Specifically, Guinness sees our current cultural conflict as a conflict between two visions of liberty, which themselves are the outgrowths of two different worldviews:
“At the core, the deepest division is rooted in the differences between two world-changing and opposing revolutions, the American Revolution of 1776 and the French Revolution of 1789, and their rival views of freedom and the nature of the American experiment.
It could be argued that the clash is simply between the old, classical American liberalism and the new Left/liberalism that emerged from the 1960s. But it is deeper than that. The fundamental clash is between the spirit, the heirs, and the allies of 1776 and the ideas that made the American Revolution versus the spirit, the heirs, and the allies of 1789 and the different ideas that made the French Revolution and seeded the progressive liberalism of the Left…
The pressing clash is therefore a life-and-death conflict between two Americas, two revolutions, and two futures.” (3)
There is no doubt which of these approaches Guinness prefers:
“The outcome [of this conflict] is crucial for both America and the world. It calls into question the American republic as it was founded, and it calls into question the United States as the world’s lead society and the champion and exemplar of human freedom for the world.

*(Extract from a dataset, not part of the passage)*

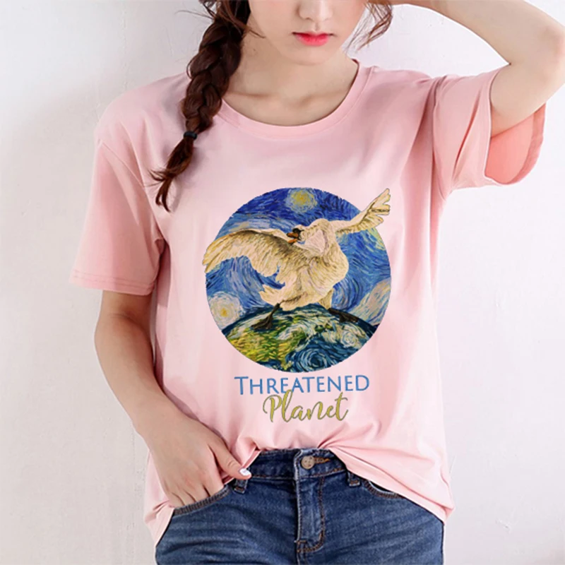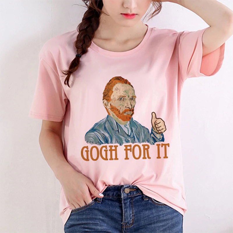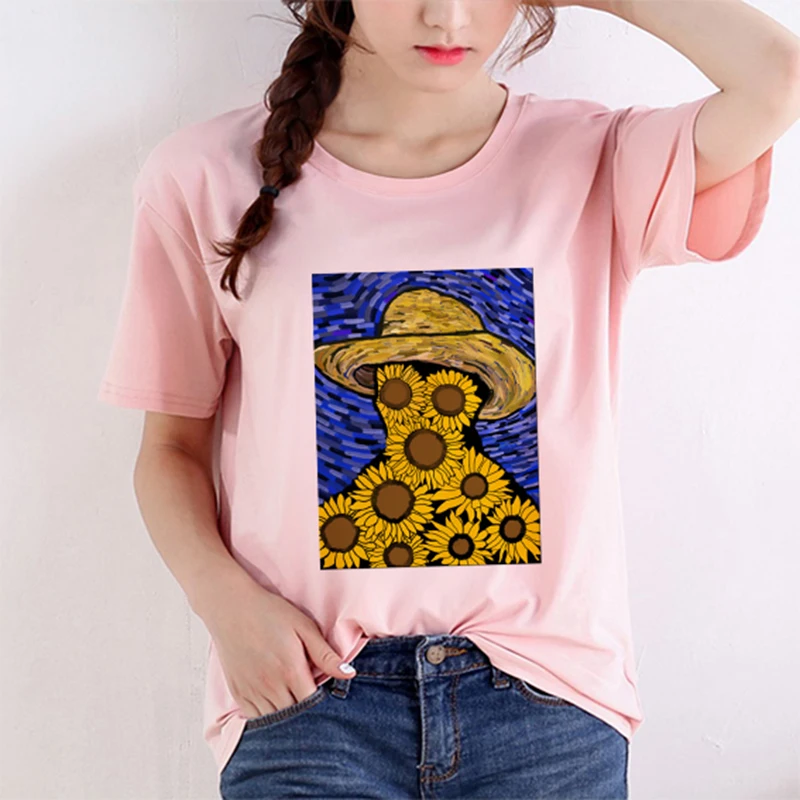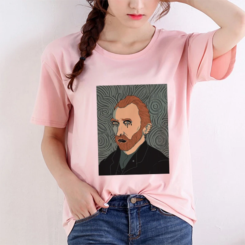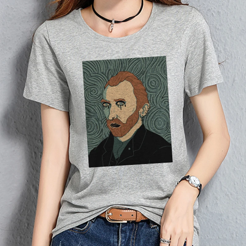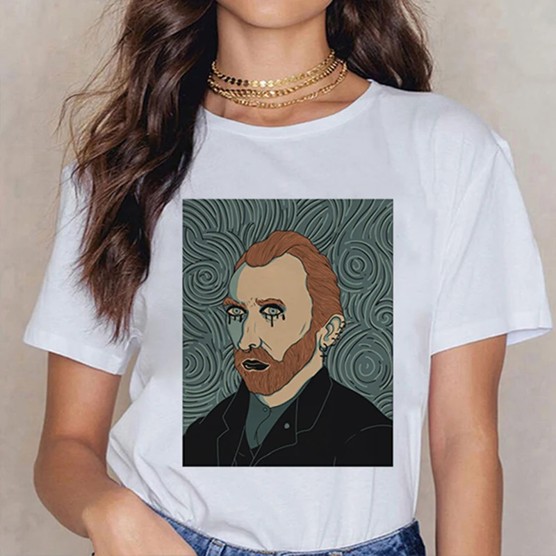 Женская футболка с принтом Ван Гога, летние женские Топы в стиле Харадзюку, футболки для девушек с зеленым вырезом, уличная одежда

As history underscores, the way of 1789 (aided and abetted by the heirs of 1917, the Russian revolution, and 1949, the Chinese revolution) has led and will always lead to catastrophe for the cause of freedom and a liberal political order, whereas the way of 1776—for all its shortcomings—has led to some of freedom’s greatest successes, however much maligned today.” (3)
In other words, we are currently stuck in a war between the classical liberals and the progressive liberals, between the spirit of the American Founders and the spirit of Rousseau and the radical revolutionaries. The former has a view of freedom that involves the protection of the conscience from government intrusion and the least possible coercion by the government against that conscience, as well as the freedom of the individual to live the life of virtue and truth. The latter, Guinness argues, has a view of freedom that cares little or nothing for the conscience, truth, or virtue and instead values the freedom of the government to pursue power and unity. The process of this pursuit of power and unity ultimately leads to the destruction of both traditional restraints on government and of individual liberty.
Guinness believes that it is necessary for us to ask (and answer) ten questions as a part of our reflection on the role of freedom in the state of our cultural conflict:
“Do you know where your freedom comes from?
Are there enough Americans who care about freedom?
What do you mean by Freedom?
Have you faced up to the central paradox of freedom?
How do you plan to sustain freedom?
How will you make the world safe for diversity?
How do you justify your vision of a free and open society?
Where do you ground your faith in human freedom?
Are you vigilant about the institutions crucial to freedom: Republicanism or Democracy?
Are you vigilant about the ideas crucial to freedom: Which revolution do they serve?”
Each chapter explores the answers to these questions from the perspective of 1776 and 1789, and then declares in favor of 1776.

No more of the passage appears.